From: Fred B. McGalliard (frederick.b.mcgalliard_at_boeing.com)
Date: 08/19/04


Date: Thu, 19 Aug 2004 22:21:21 GMT


"Don Lancaster" <don@tinaja.com> wrote in message
news:4125024B.D2CDE4F8@tinaja.com...
...
> The fundamental problem with low delta T is the drops BETWEEN ambient and
the actual system.
> At, say two percent efficiency (highly unlikely), these will have FIFTY
> times the thermal drop across them.
>
> Also, of course, the size goes up hyperbolically with decreasing
efficiency.
>
> Low detla-T heat engines are fundamentally and profoundly futile.

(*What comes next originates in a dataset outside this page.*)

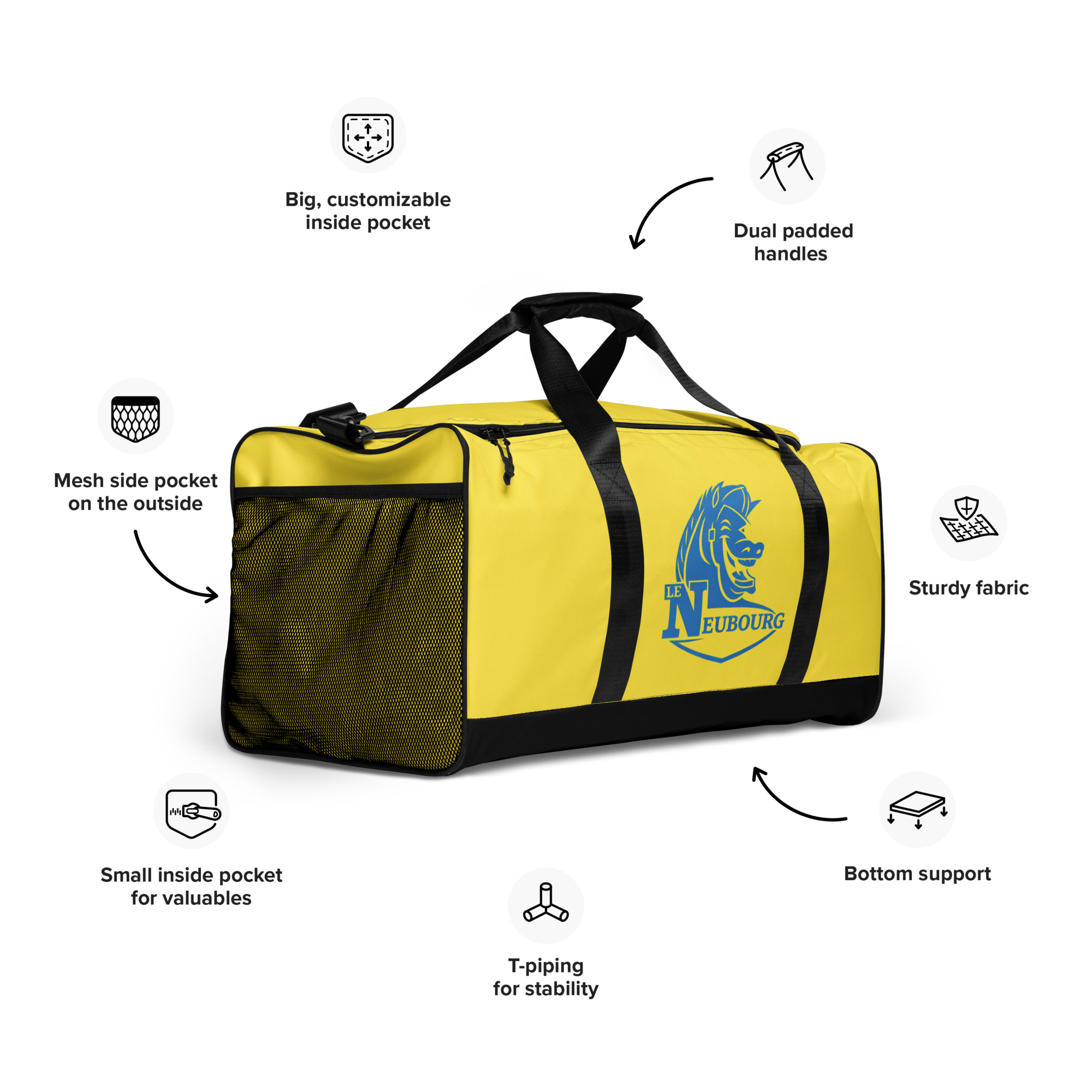 • 100 % polyester avec doublure noire

I think you should have used parabolically rather than hyperbolically.
Sounds a bit odd.

The killer here is that you need both a large turbine and a very large heat
exchanger (two actually). Very large heat exchangers sitting in salt water
tend to become reefs. I would not give up so easily though. In a manner of
speaking, wind power is a large scale low temperature difference motor. Of
course no one would consider building a desert and mountain range if one
were not sitting there mostly unused, but there may be some ways to take
advantage of the OTEC small temperature differences as well. I would
consider a bay sized fresh water covered heavy saline heat collector, and
perhaps a more cunning way to bring the cold and hot side together without
having to pump water so far. You need to go to very large pipes, or
unconstrained flows using natural convection, eh. Might be able to pump
fresh water down, let it cool and then rise to where we need it. With a flow
as large as the Mississippi, perhaps we could do it without any walls at
all. Perhaps a heat pump to turn fresh water to ice, let the ice just float
up to where we need it. An Ice water version of a heat pump, or perhaps a
cold pump in this case. So we have a 30 ft diameter insulated tube perhaps a
mile long? Of course it will help to have the hot water start out closer to
100C than to 30C, and this should make the collector less prone to fouling.
I think this is not going to be solved with 1940s vintage engineering.